Might as well fill up the curing vessel. Make sure to cure the same proteins in their own vessel, so to not cross contaminate. I messed up and cured a turkey and a loin for CB at the same time.  Now everything had to be cooked to 165*F IT, the higher of the 2 proteins. When the loin was smoking I only took it to 160*F. I learned my lesson.
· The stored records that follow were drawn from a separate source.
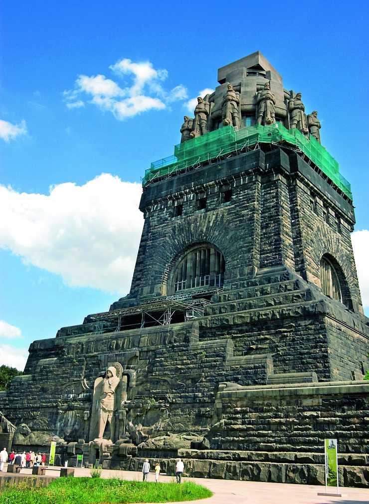 1913 högtidlighölls hundraårsminnet av slaget med det enorma monument vi ser i dag. Alltihop är storslaget, skalan är gigantisk och den monumentala tyngden passade bra för tiden då kejsar Wilhelm II, han med de uppåtvridna mustascherna, regerade i Berlin. Bygget är en enorm trave granitblock men hela konstruktionen består framför allt av drygt hundratusen kubikmeter armerad betong. Stenhögen är 91 meter hög och det är 500 trappsteg till toppen där du svettig och andfådd får en fin utsikt över Leipzig med omnejd.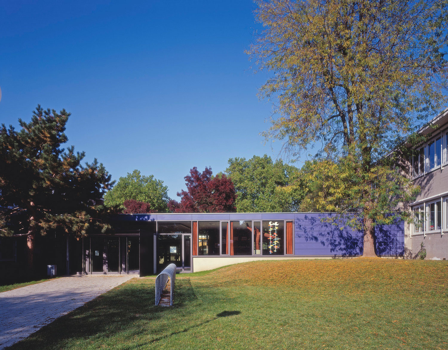 Ein vor die Eingänge gestellter Windfang aus massiven Stahlplatten markiert nun eindeutig den Haupteingang und dient gleichzeitig als Wetter- und Sauberlaufschleuse für die Kinder und Lehrer.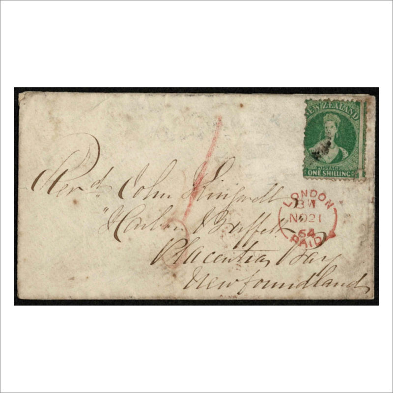 Cover to Newfoundland with untied 1/- Green stamp (corner fault). The cover has light ageing and soiling. Has London/Paid NO 21 64 transit cancel. Backstamped Dunedin & St Johns/Newfoundland cancels. (1) (Image)

I'm looking forward to this normal 145*F IT CB. 
-Kurt


----------



## dr k (Apr 16, 2015)

Back for the second half with pics:













CAM00447.jpg



__ dr k
__ Apr 16, 2015






Needed to figure out how to get all this in the fridge for pellicle time so I stacked the quartered belly and used skewers to hold them and keep them spaced for air circulation. 













CAM00450.jpg



__ dr k
__ Apr 16, 2015


















CAM00451.jpg



__ dr k
__ Apr 16, 2015






CB on top shelf and BB on the bottom.  They sat in the fridge four days before I could get to cold smoking them.













CAM00466.jpg



__ dr k
__ Apr 16, 2015






I used pecan pellets and my 12" AMNTS for four hours before pulling the BB to finish the next day.  I BBQed the CB starting at 200*F and slowly brought it up to 225*F over 3 hours till IT hit 145*F. I didn't use any wood to finish the CB.  I wanted a mild smoke flavor.













CAM00468.jpg



__ dr k
__ Apr 16, 2015






I wanted to try a light smoke on the CB this round which turned out great for those that aren't as addicted to smoke as I am.













CAM00469.jpg



__ dr k
__ Apr 16, 2015






I cold smoked the belly on day two for 6 hours totaling 10 hours over all for the BB.  I took the longest quarter of the belly and sliced it extra thick.  It's a very meaty belly!













CAM00471.jpg



__ dr k
__ Apr 16, 2015






I cut the three remaining belly quarters in half to more easily Foodsaver the pieces.













CAM00474.jpg



__ dr k
__ Apr 16, 2015






I have a dedicated electric skillet set at 300*F for bacon.  I like to deep fry bacon in bacon fat from previous fry's so it doesn't splatter as much and cooks quickly and evenly.  That way I don't have to clean up but every 7-10 fry's. 













CAM00475.jpg



__ dr k
__ Apr 16, 2015






Really thick and really crispy.  All thicknesses are good to me I just like to change it up.  I've seen super thick cut bacon slices on TV and wanted to try that cut first which turned out great.   Both the CB and the BB had nice subtle Pecan smoke flavor.

-Kurt


----------



## dr k (Apr 20, 2015)

Well vikingboy6956 was the only one to take the bait on this thread.  Really folks both bacon turned out great.  This thread was a lot of work with a dozen pics.  I learned my lesson.


----------



## backyardboss (Apr 20, 2015)

Dr K said:


> Well vikingboy6956 was the only one to take the bait on this thread.  Really folks both bacon turned out great.  This thread was a lot of work with a dozen pics.  I learned my lesson.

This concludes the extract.